**TASK DETAILS:** Return the listing that follows exactly, with no pictures included.

**DATA EXTRACT:**
┌──

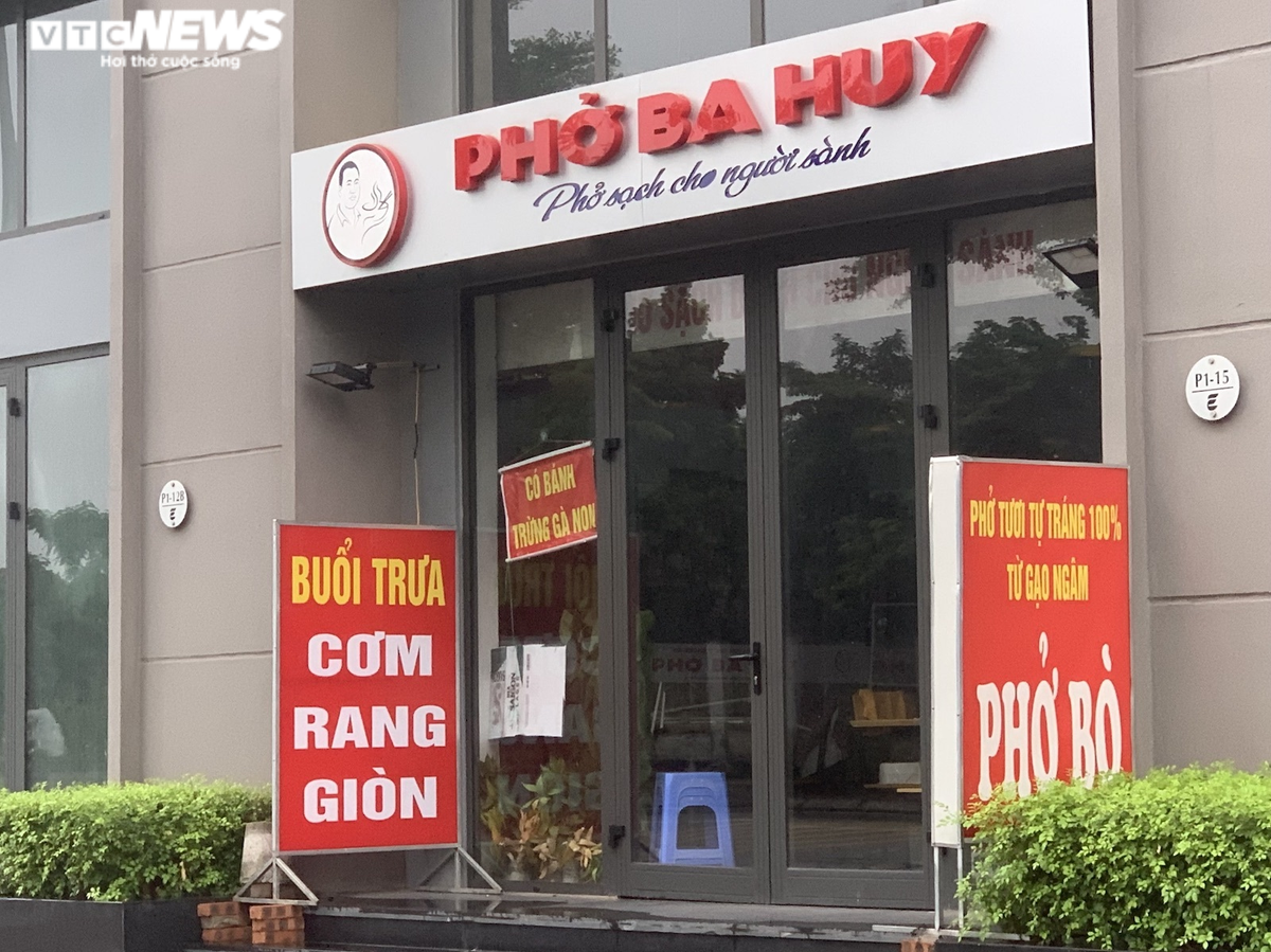 Cách đó không xa, một cửa hàng phở và cơm rang cũng đang mở cửa, hoạt động cầm chừng phục vụ khách mua mang về.
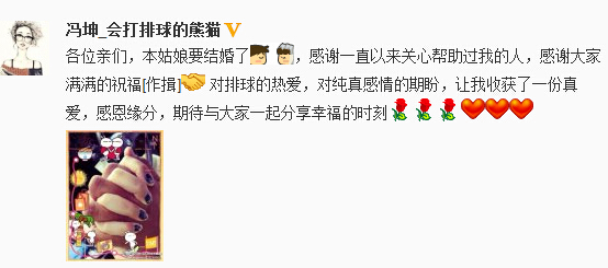 凤凰体育讯 近日在网上曝出前中国女排队长冯坤的将要结婚的消息,引起了大家的关注,很多体育迷们纷纷送上自己的祝福。今日冯坤在自己的微博上亲承了即将结婚的消息,并感谢大家的祝福。【相关推荐:冯坤恋情在圈内是公开的秘密 两人12年前世锦赛相识】
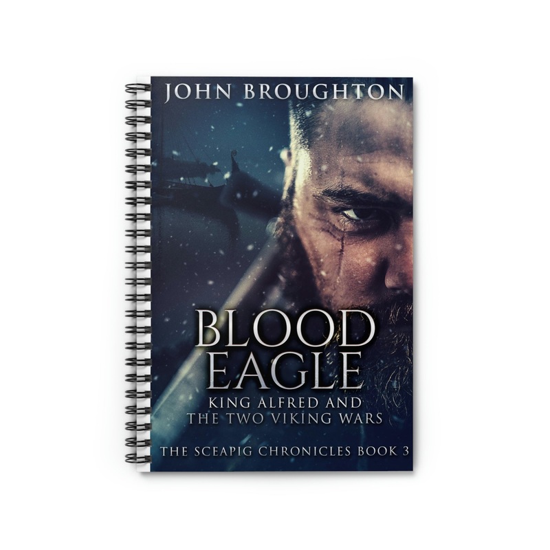 Shopping lists, school notes or poems – this 118 page spiral notebook with ruled line paper is a perfect companion in everyday life. The cover art in this spiral notebook is from John Broughton’s book, Blood Eagle.
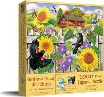 Immerse yourself in the vibrancy of nature with SunsOut's Sunflowers and Blackbirds 1000 Piece Jigsaw Puzzle featuring the enchanting artwork of renowned artist, Rosalind Solomon. The captivation of a serene countryside scene nestled with sunflowers and blackbirds comes alive in intricate details and vivid colors on each of the finely crafted puzzle pieces. Made in the USA, each puzzle piece, precisely cut from high-quality recycled cardboard, interlocks with ease offering a delightful challenge that diminishes frustration and enhances the puzzle-solving experience. SunsOut further supports sustainability with their use of soy-based inks and recycled materials for both the puzzle and its stunning display box, not only giving you a masterpiece for your collection but also allowing you to support a woman-owned small business committed to eco-friendly practices. SunsOut pledges customer satisfaction with a worry-free guarantee, resolving any issues with missing or damaged pieces promptly. This jigsaw puzzle serves as a perfect gift that offers endless entertainment and artistic admiration, connecting family and friends through shared exploration and achievement. Experience more than just a puzzle with Sunflowers and Blackbirds, an experience that engages your senses, supports sustainable practices, and enriches your leisure time.

└──

**RESPONSE TO THIS TASK:**
 Cách đó không xa, một cửa hàng phở và cơm rang cũng đang mở cửa, hoạt động cầm chừng phục vụ khách mua mang về.
 凤凰体育讯 近日在网上曝出前中国女排队长冯坤的将要结婚的消息,引起了大家的关注,很多体育迷们纷纷送上自己的祝福。今日冯坤在自己的微博上亲承了即将结婚的消息,并感谢大家的祝福。【相关推荐:冯坤恋情在圈内是公开的秘密 两人12年前世锦赛相识】
 Shopping lists, school notes or poems – this 118 page spiral notebook with ruled line paper is a perfect companion in everyday life. The cover art in this spiral notebook is from John Broughton’s book, Blood Eagle.
 Immerse yourself in the vibrancy of nature with SunsOut's Sunflowers and Blackbirds 1000 Piece Jigsaw Puzzle featuring the enchanting artwork of renowned artist, Rosalind Solomon. The captivation of a serene countryside scene nestled with sunflowers and blackbirds comes alive in intricate details and vivid colors on each of the finely crafted puzzle pieces. Made in the USA, each puzzle piece, precisely cut from high-quality recycled cardboard, interlocks with ease offering a delightful challenge that diminishes frustration and enhances the puzzle-solving experience. SunsOut further supports sustainability with their use of soy-based inks and recycled materials for both the puzzle and its stunning display box, not only giving you a masterpiece for your collection but also allowing you to support a woman-owned small business committed to eco-friendly practices. SunsOut pledges customer satisfaction with a worry-free guarantee, resolving any issues with missing or damaged pieces promptly. This jigsaw puzzle serves as a perfect gift that offers endless entertainment and artistic admiration, connecting family and friends through shared exploration and achievement. Experience more than just a puzzle with Sunflowers and Blackbirds, an experience that engages your senses, supports sustainable practices, and enriches your leisure time.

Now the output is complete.